Expected higher interest rate and cost environment suppressing sentiment: economist.
Image: Adobe Stock Images

The South African rand weakened against the dollar on Wednesday, after inflation held steady at the top of the central bank’s target range and retail sales numbers disappointed, a day before the central bank announces its interest-rate decision.

By 20:29, the rand traded at 16.0201 against the dollar, 0.63% weaker than its previous close.

In April, consumer price inflation remained at a five-year high of 5.9%, in line with a Reuters poll and just within the central bank’s 3%-6% target range, according to data published by Statistics South Africa earlier on Wednesday.

Read: CPI: Inflation steady as big interest-rate hike looms

Retail sales rose 1.3% year-on-year in March, slightly below expectations of 1.5% and a 0.3% fall from February, according to data also published on Wednesday by the statistics agency.

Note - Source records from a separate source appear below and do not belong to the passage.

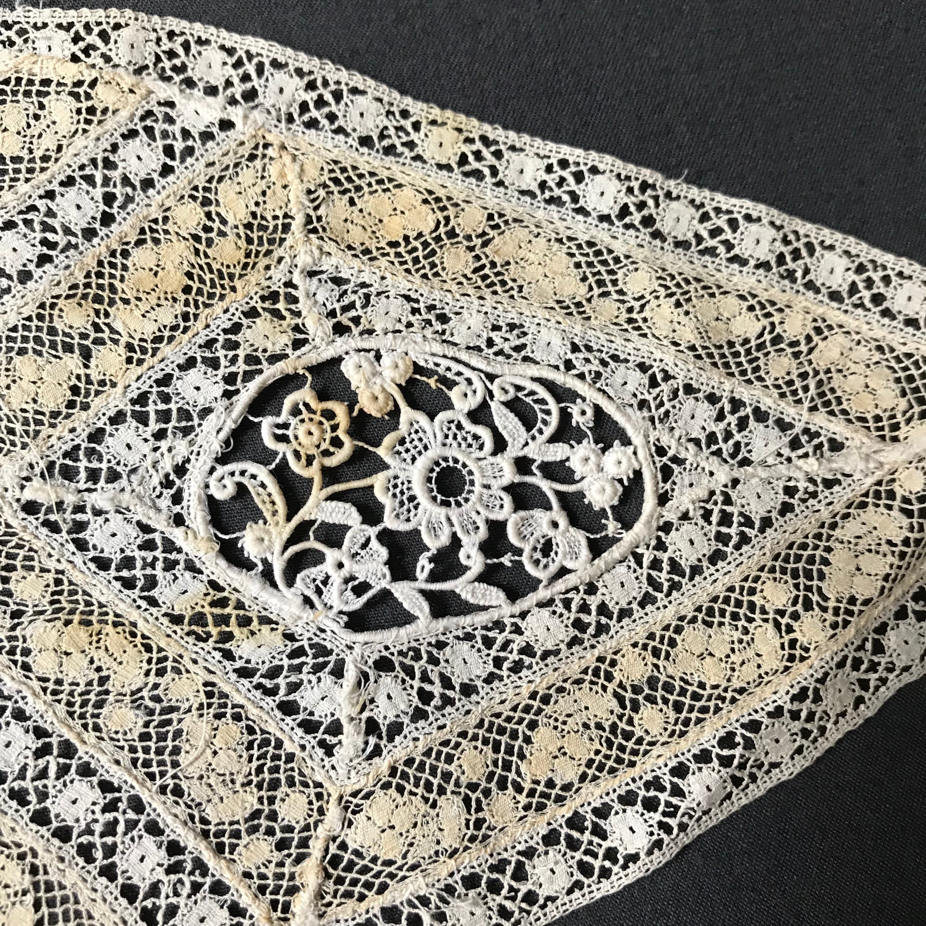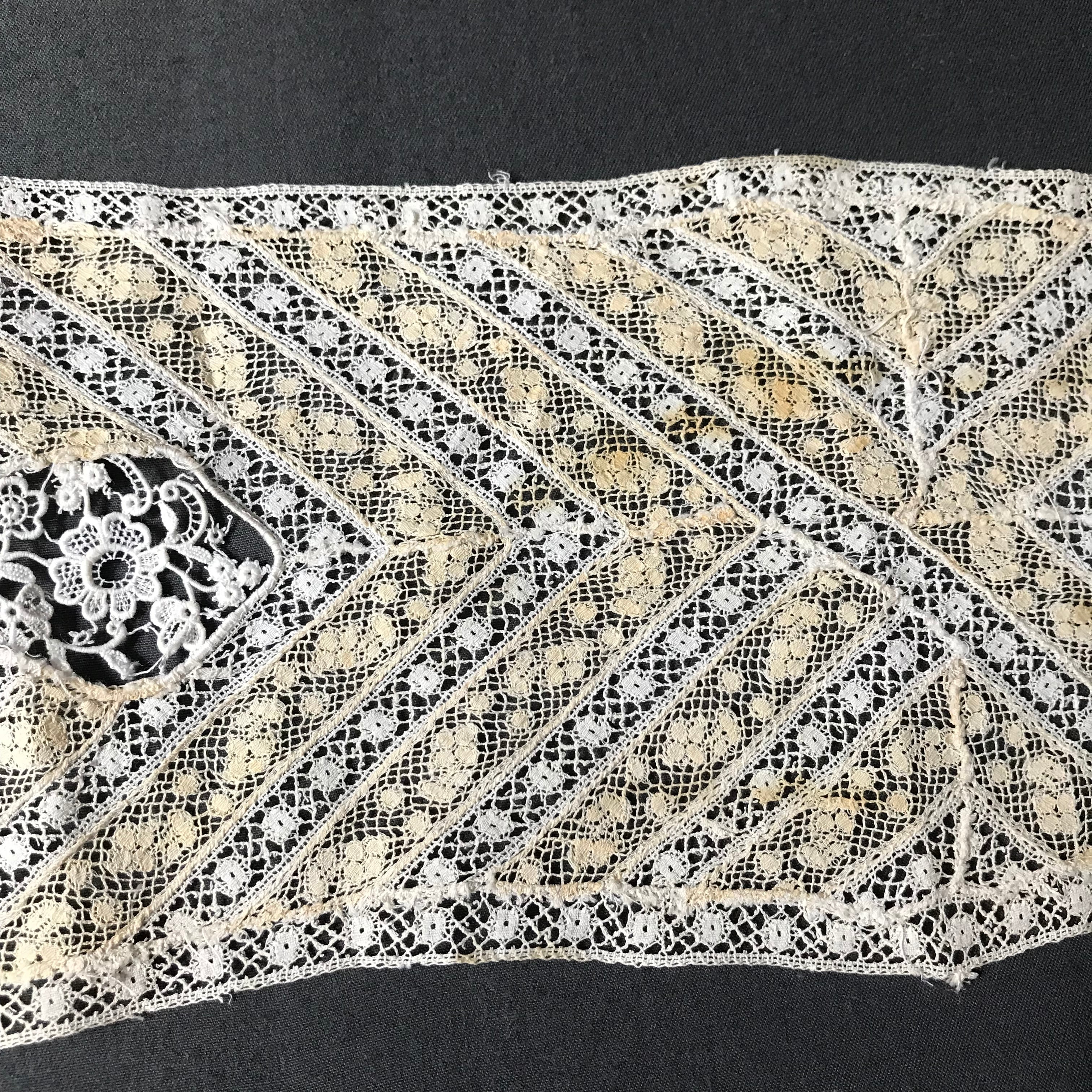 ・縦 13㎝ 横 63㎝ 珍しい、ノルマンディーレースのセンターレースです。細長いエレガントなデザインです。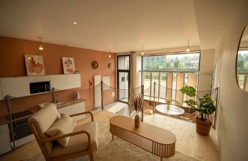 Loft/jacuzzi L'instant is located in Saint-Valery-en-Caux. Loft/jacuzzi L'instant provides accommodation, featuring Wellness Facilities, Fireplace/Heating, Hot Tub, among other amenities. This Apartment features Wellness Facilities, Fireplace/Heating, Hot Tub, to make your stay a comfortable one.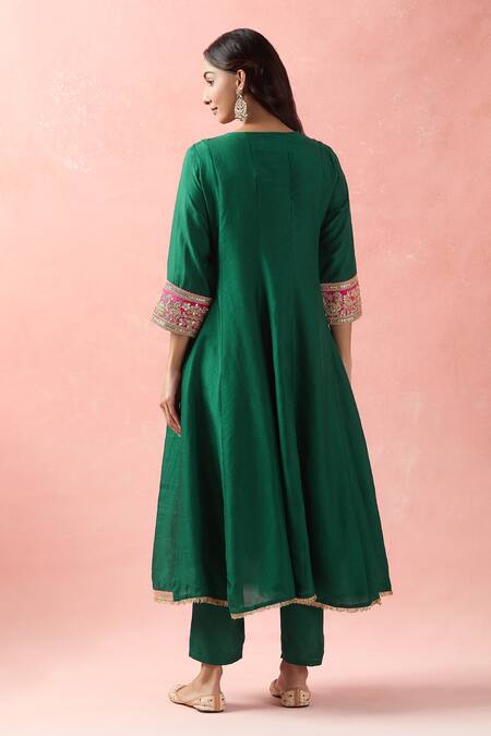 Green anarkali featuring gota and dori embroidery. Paired with a scallop hem dupatta and relaxed fit pant.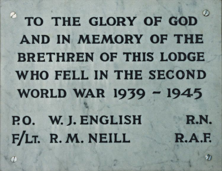 In February 1940, the death of Bro William English, Petty Officer, on active service with the Royal Navy is recorded in the minutes, it was also noted that he was one of the youngest Master Masons of the Lodge, and the first from this Lodge to be killed in this conflict. The only other being Bro R M Neill, Flight Lt, RAF, their names being recorded on a Memorial Stone in the old Lodge room.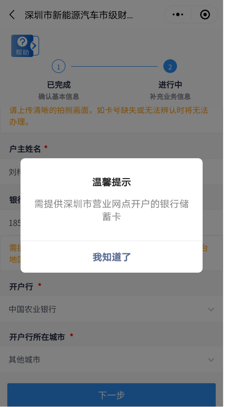 客戶需上傳銀行卡照片,并填寫銀行賬號、開戶行信息。開戶行如不在選項范圍內可選擇“其他”自填。其中,銀行賬號需為深圳市營業(yè)網點開戶的銀行一類儲蓄卡,華僑、港澳臺地區(qū)居民及外國人需提供深圳市建設銀行一類儲蓄卡。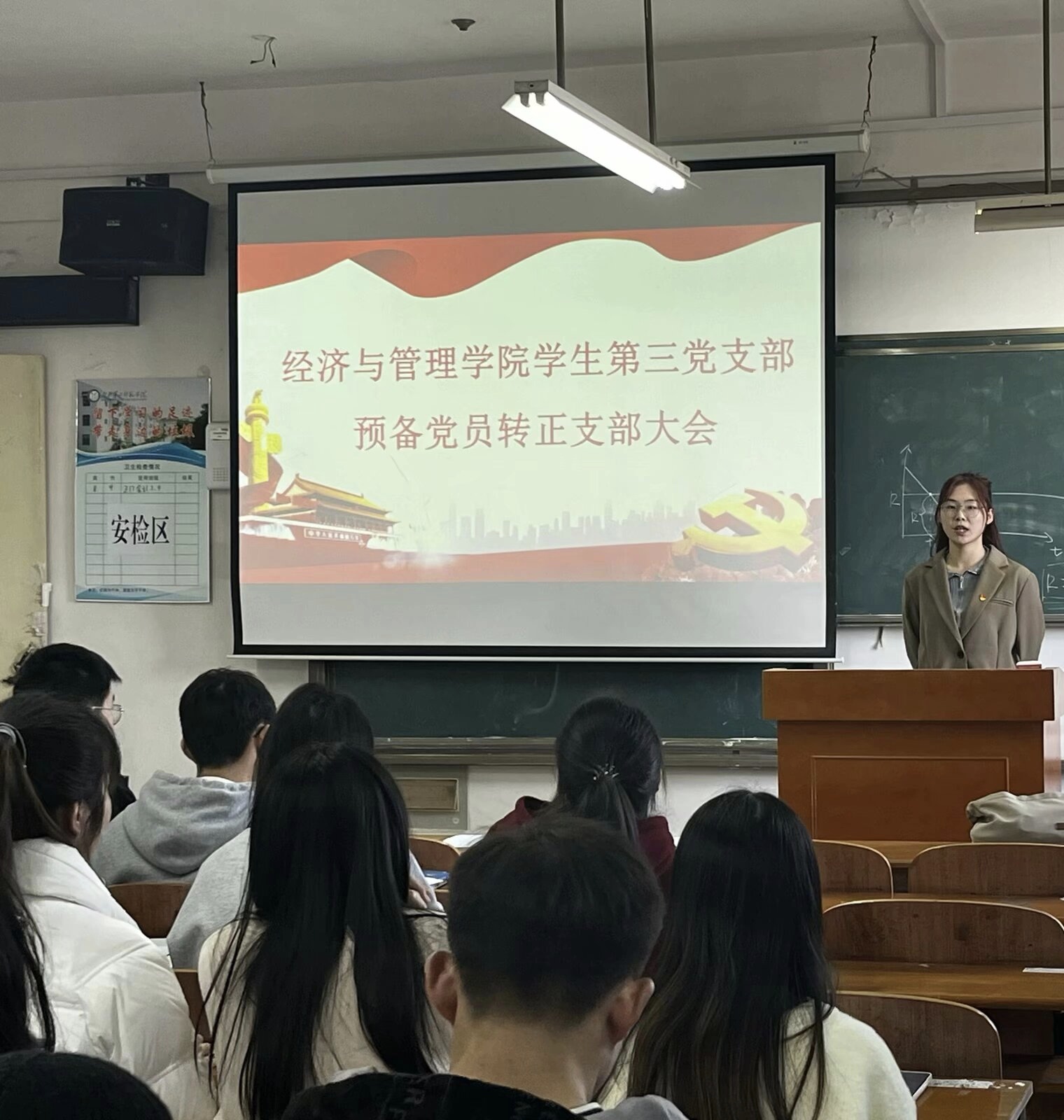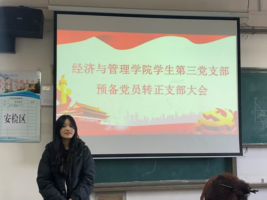 本网讯(通讯员 钟雨桐 陈嘉琦 刘思羽)12月7日下午,经济与管理学院学生第一党支部、学生第二党支部、学生第三党支部预备党员转正大会分别在2301、2302、2303教室召开,各党支部书记分别主持,支部全体党员参加。
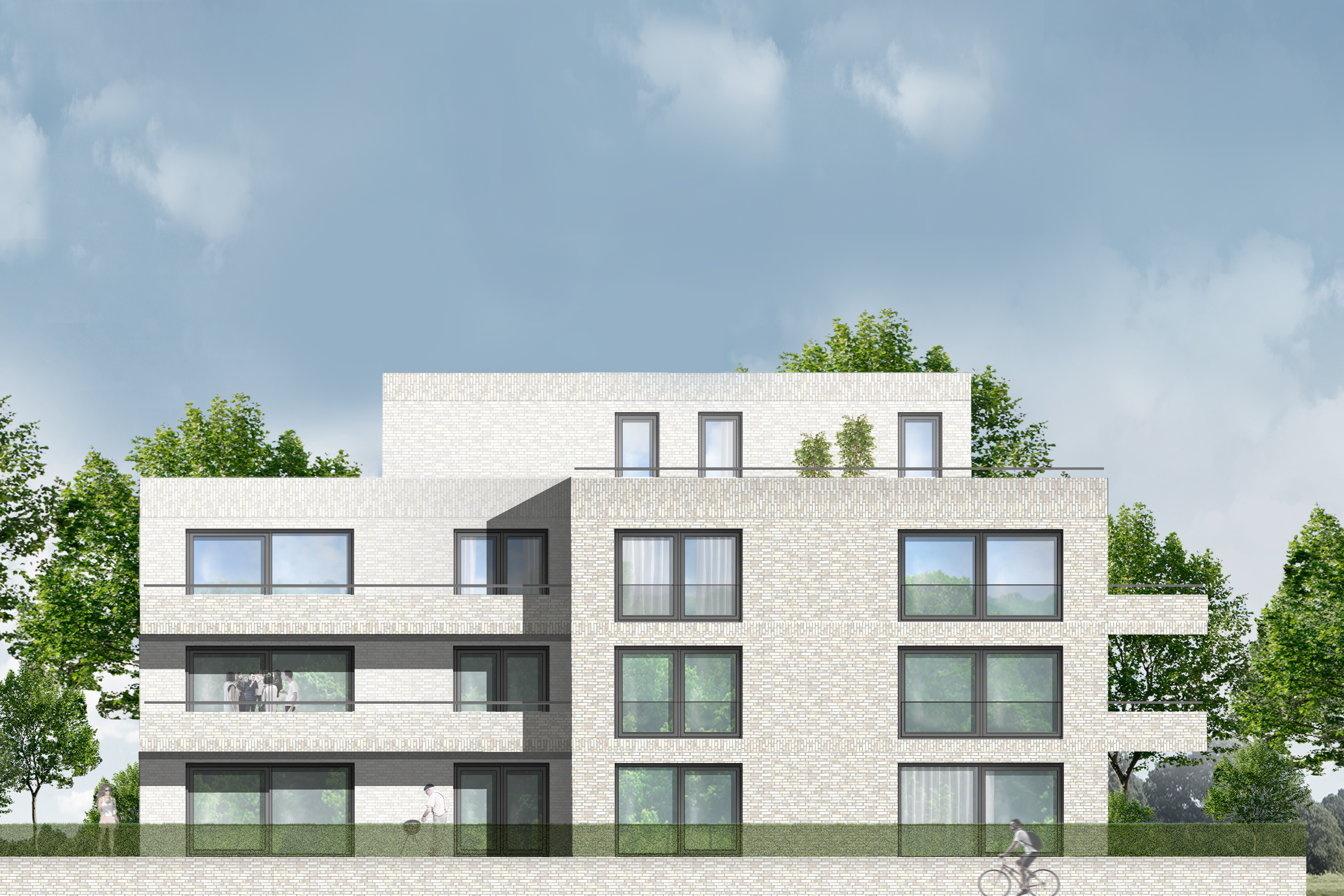 Voor de uitstraling werd gekozen voor het toepassen van lichte grijsbruine gevelstenen en antracietkleurige aluminium schuifpuien met glazen balustraden. In de gevelwanden, balkons en dakranden worden subtiele verfijningen aangebracht met verschillende metselwerkverbanden.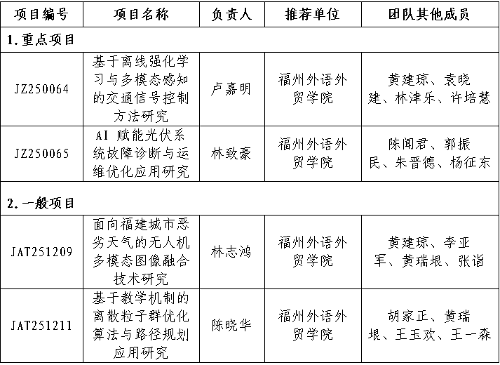 近日,福建省教育厅公布了《2025年度福建省中青年教师科研项目(科技类)立项名单的通知》,我院卢嘉明、林致豪老师撰写的项目成功获批重点项目,同时,我院林志鸿、陈晓华老师撰写的项目成功获批一般项目。

“March’s modest reading evinces the financial pressure many households are still facing in the current economic environment,” Investec economist Lara Hodes said in a note.

“An expected higher interest rate and cost environment is clearly suppressing sentiment.”

A stronger dollar also weighed on riskier assets worldwide, including the rand.

On the Johannesburg Stock Exchange (JSE), the All-Share index ended down 0.88% at 69,083 and the blue-chip index of top-40 companies closed down 0.84% at 62,494 points, driven by a fall in resources companies.

Tech stocks on JSE also closed lower, including index heavyweight Naspers, which closed down almost 5%, while its subsidiary Prosus ended down over 3%.

Read: Tencent disappoints after lockdowns, crackdown wipe out growth

Investors now await the South African Reserve Bank’s monetary policy decision, due on Thursday.

A Reuters poll published on Friday forecast the bank would make its first 50 basis-point repo rate hike in more than six years, taking it to 4.75%, to prevent potential second-round effects from higher consumer prices.

In fixed income, the yield on the benchmark 2030 government bond dipped two basis points to 9.980%.